[Data for processing]
=== Section Start ===

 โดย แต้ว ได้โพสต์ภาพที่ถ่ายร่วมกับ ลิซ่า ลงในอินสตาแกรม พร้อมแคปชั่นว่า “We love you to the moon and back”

=== Section End ===
=== Section Start ===

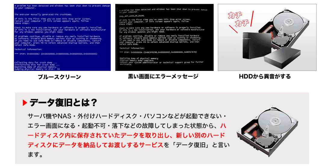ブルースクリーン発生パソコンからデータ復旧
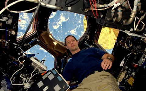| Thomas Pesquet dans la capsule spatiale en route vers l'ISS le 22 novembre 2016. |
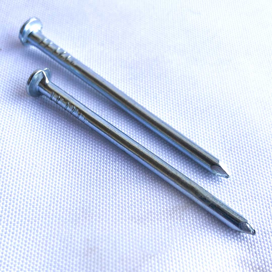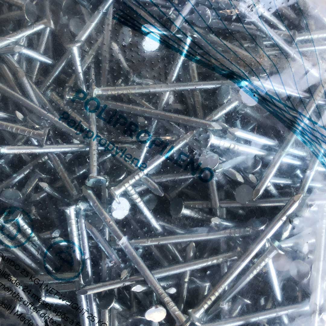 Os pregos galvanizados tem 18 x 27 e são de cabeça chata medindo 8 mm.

=== Section End ===
=== Section Start ===

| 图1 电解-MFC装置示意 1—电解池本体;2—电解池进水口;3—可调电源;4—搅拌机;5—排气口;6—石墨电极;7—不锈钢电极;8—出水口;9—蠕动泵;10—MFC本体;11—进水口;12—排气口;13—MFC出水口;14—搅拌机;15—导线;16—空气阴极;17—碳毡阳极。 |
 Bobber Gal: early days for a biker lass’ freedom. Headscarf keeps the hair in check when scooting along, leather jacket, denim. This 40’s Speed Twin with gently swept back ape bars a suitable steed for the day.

=== Section End ===

[Task instructions] Using the data above, transcribe exactly the lines between those containing "novembre 2016. |" and "Os pregos galvanizados", inclusive, and leave every picture behind.

[Solution to the exercise]
| Thomas Pesquet dans la capsule spatiale en route vers l'ISS le 22 novembre 2016. |
 Os pregos galvanizados tem 18 x 27 e são de cabeça chata medindo 8 mm.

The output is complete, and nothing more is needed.